In 2009, she started an oyster blog called In a Half Shell.

“I still think about the motto ‘my heart is in the work’ and that taught me to always do what I love. It has to be a marriage between what you're good at and what you are passionate about. It’s what guides me.”

“I was trying to empower consumers to get the best half shell experience,” Julie says. “Whether or not they were going out to an oyster bar, I wanted them to know what questions to ask, know when they were getting a good deal, know how to identify specific species so they were not getting a bait and switch, and be able to buy their oysters and shuck them at home, because that is the most economic approach.”

The blog led to a new opportunity for Julie in the sustainable seafood industry. She was offered a full-time job as the marketing director for Australis Aquaculture, a company that produces and sells ocean-farmed barramundi fish.

“I naively thought, ‘How big of a difference can there be between oysters and fish?’ But it's actually very stark,” she says. “The seafood industry opened my eyes to the entire supply chain and how different components worked. It is incredibly fascinating and a very exciting sector to be in.”

Julie stayed with the company for eight years. During that time, she kept up with her oyster work, including writing, traveling and teaching masterclasses about oyster appreciation to consumers and restaurant staff.

In 2023, she co-founded Oyster Master Guild, a network of oyster service professionals who are committed to raising the standards of oyster service and appreciation worldwide through education, training and community.

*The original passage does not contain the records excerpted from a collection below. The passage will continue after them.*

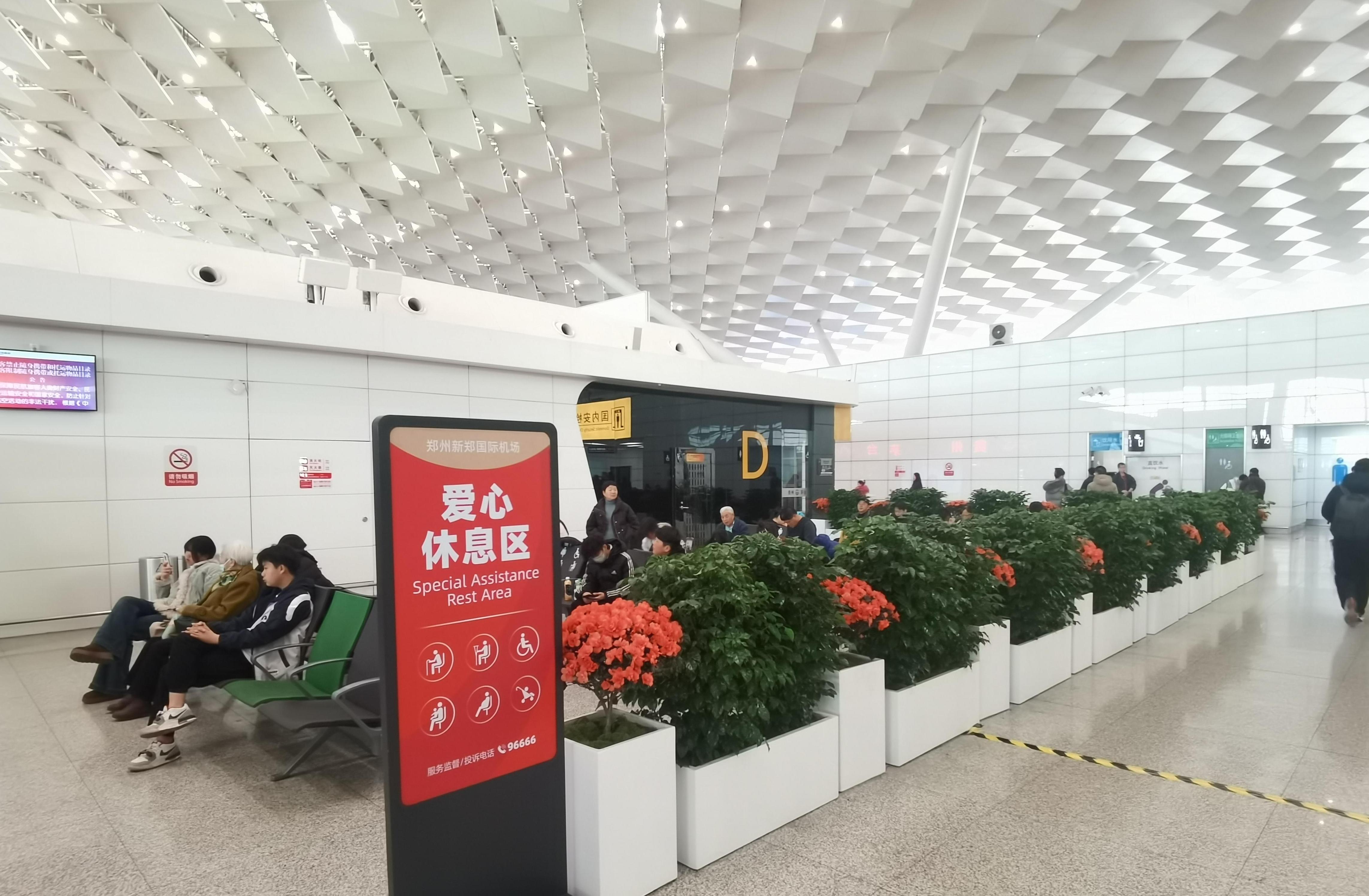 春节前,针对送老人、儿童等旅客家属比较多的情况,郑州机场今年春运开始后,首次在T2航站楼四层出发厅值机D岛东端设立了临时休息区,让送机的旅客在这里安静一会,等到亲朋好友乘坐的飞机起飞了就可以放心离去。2月7日傍晚,一位旅客在通过安检时,将一装有万元现金的小件行李遗忘在安检通道内,两位安检人员及时发现后,仅用22分钟将万元现金送到登机口,这时旅客才发现自己的钱不见了。一“我帮您”志愿者在郑州机场T2航站楼出发厅遇一外籍旅客,因为一时连不上网络而着急,这位志愿者就用自己的手机流量,让外籍旅客得以在郑州向远隔万里的家人报了平安。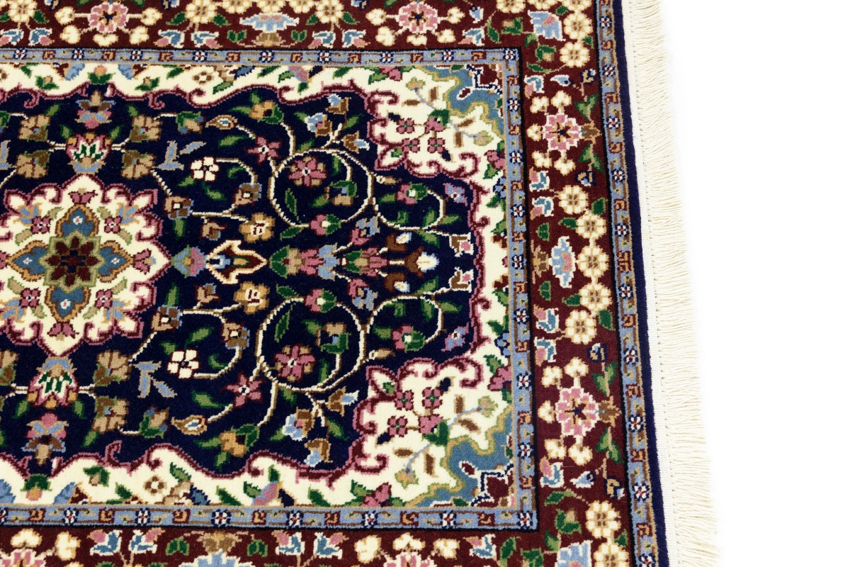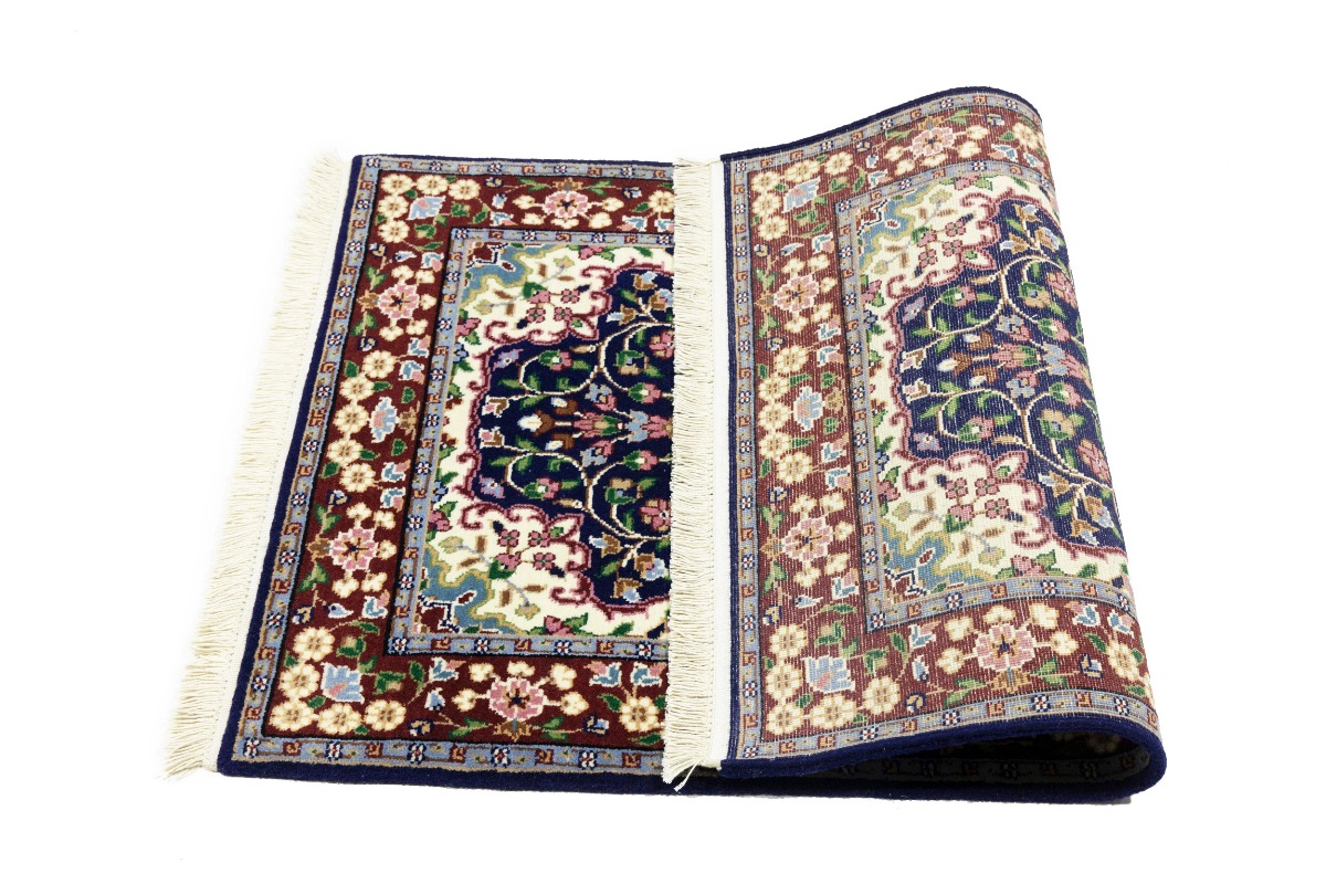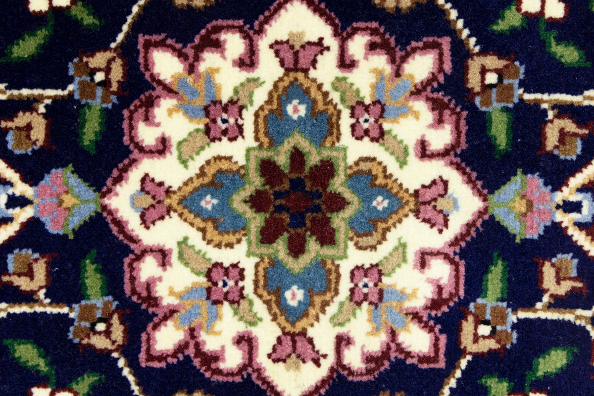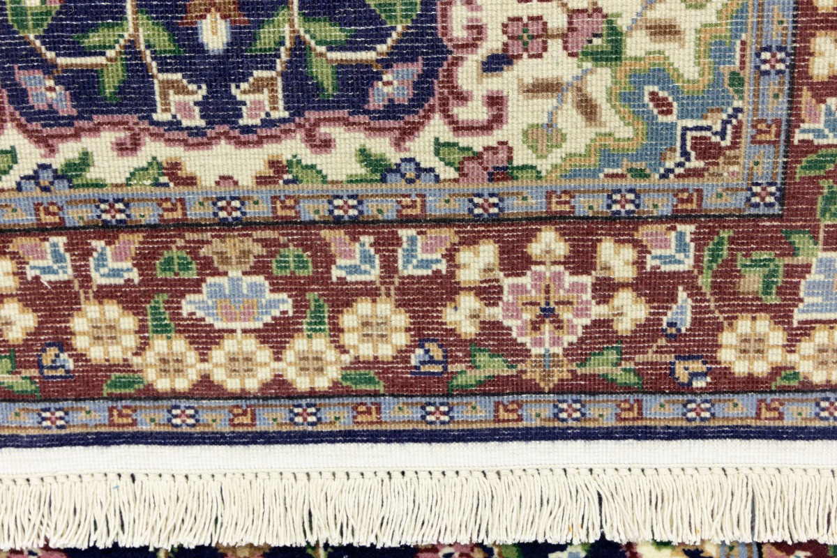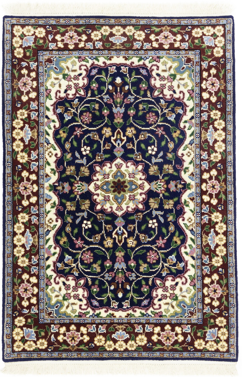 Handmade 3X4 blue oriental rug made with vegetable dyes (fine wool pile and cotton foundation), exceptional knot count, and appealing ancient designs. This Oriental rug never will go out of style and would be among your most valuable treasures.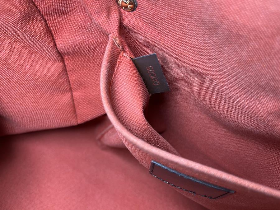 気品のあるダミエ柄とゴールド金具の組み合わせが洗練された印象を与えます。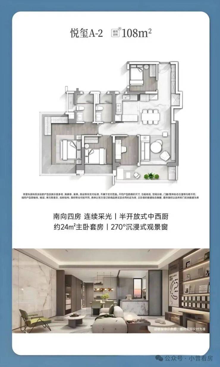 刚需家庭可以关注108㎡的四房户型,总价 600-670 万左右,进门有灵动空间可作为茶室或客卧,U 型厨房带岛台设计让烹饪动线更流畅,主卧的 270°U 型飘窗带来不错的采光和视野。

The company is currently developing its first professional certification program for oyster sommeliers — a term Julie created to describe her own role in the oyster industry.

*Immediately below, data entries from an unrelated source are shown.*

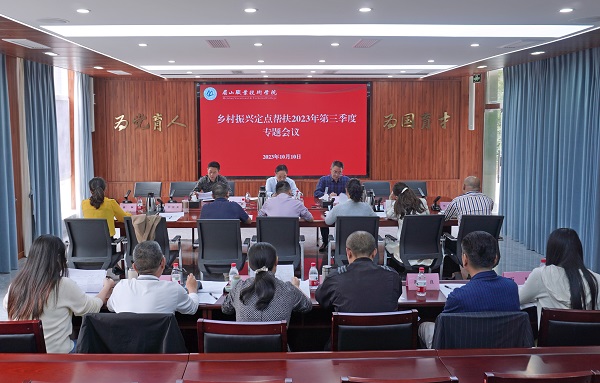 10月10日,学校在行政楼一楼会议室召开乡村振兴定点帮扶2023年第三季度专题会议。学校党委书记出席会议并讲话。他强调,全面推进乡村振兴是实现中华民族伟大复兴的重大任务,定点帮扶是实现乡村振兴的重要措施,也是高校履行社会服务职能的重要手段,需要久久为功长期坚持。会议由党委委员、工会主席彭书君主持。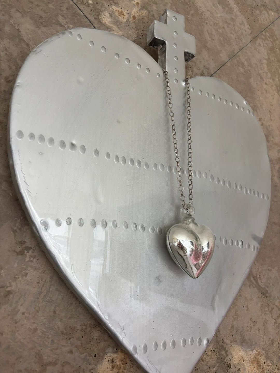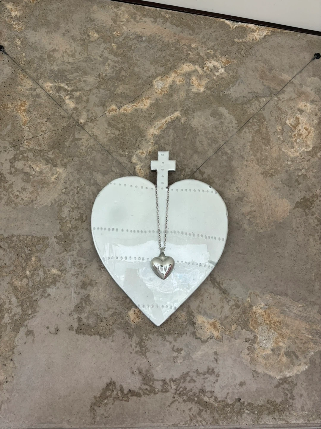 This decorative white heart wall plaque features a small, shiny silver heart charm hanging from a delicate chain. It has a cross detail at the top. The plaque's surface has a textured, riveted design. It's a lovely piece for home decor.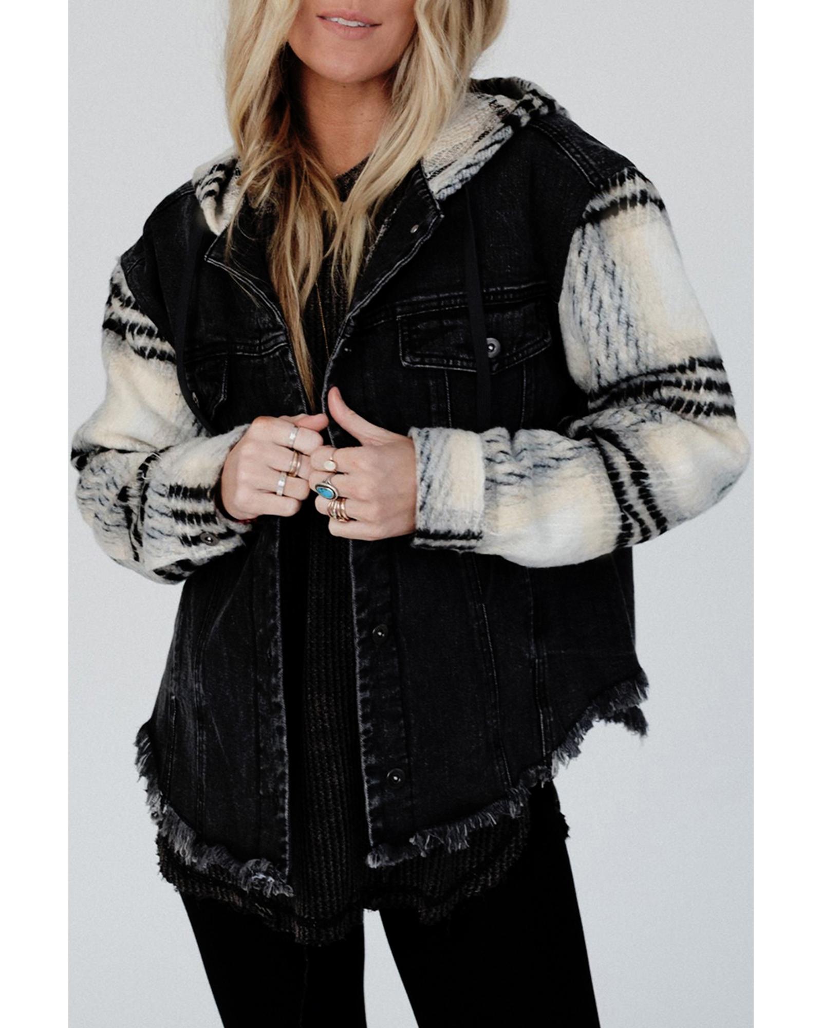 - Black Plaid Sleeve Frayed Hem Hooded Denim Jacket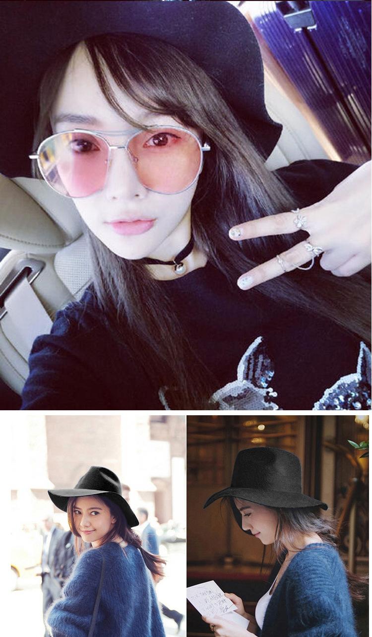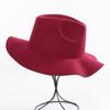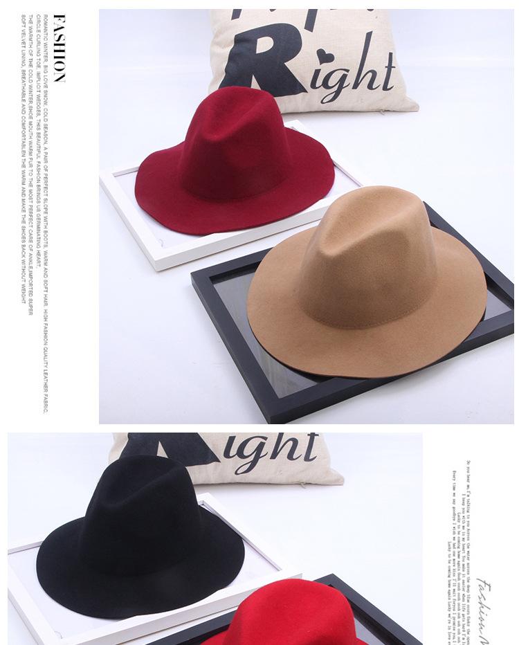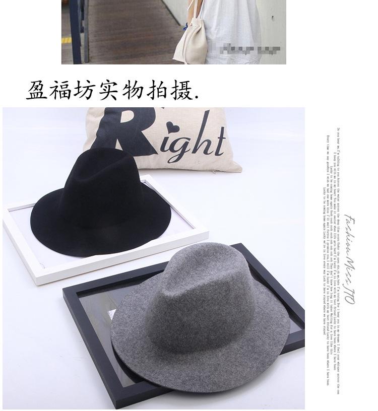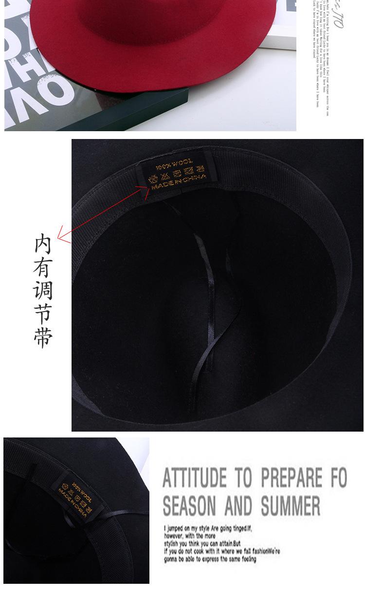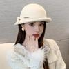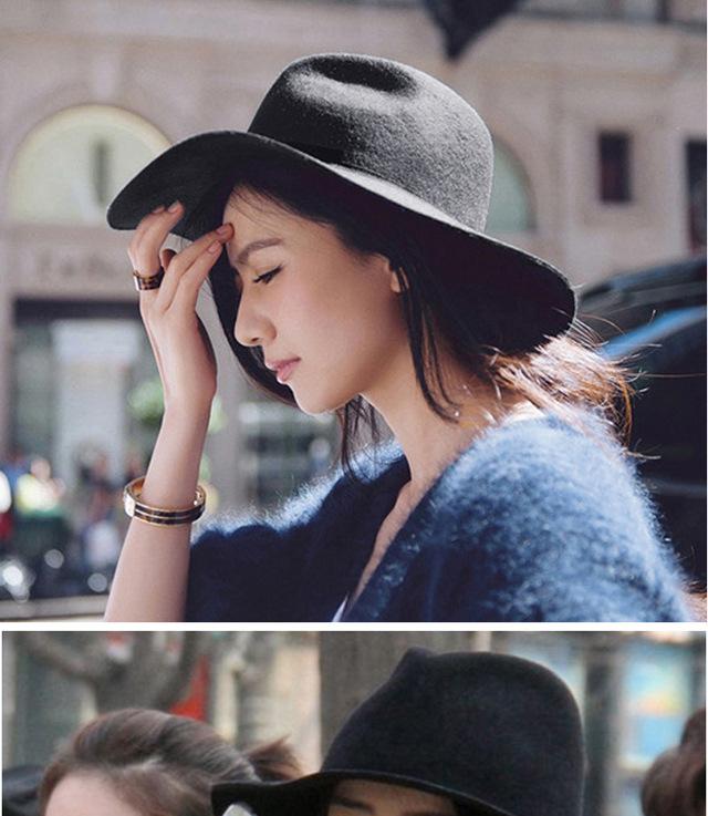 Sombrero de moda de estilo coreano para mujer, de lana con borde ondulado, estilo británico, estilo jazz, estilo retro, de ala grande, de color liso, con placa ligera, para otoño e invierno.

“An oyster sommelier is someone who fully understands the production cycle and the life cycle of an oyster, how that translates into the taste and flavor experience and how to open and present the oyster properly so that consumers are getting what they're really paying for,” she says. “It’s about helping consumers understand all of the work and energy that goes into producing this amazing, incredible live shellfish.”

As for the work and energy it takes to be an entrepreneur? Julie doesn’t mind, because her heart is in it.

“I still think about the motto ‘my heart is in the work’ and that taught me to always do what I love,” Julie says. “It has to be a marriage between what you're good at and what you are passionate about. It’s what guides me.”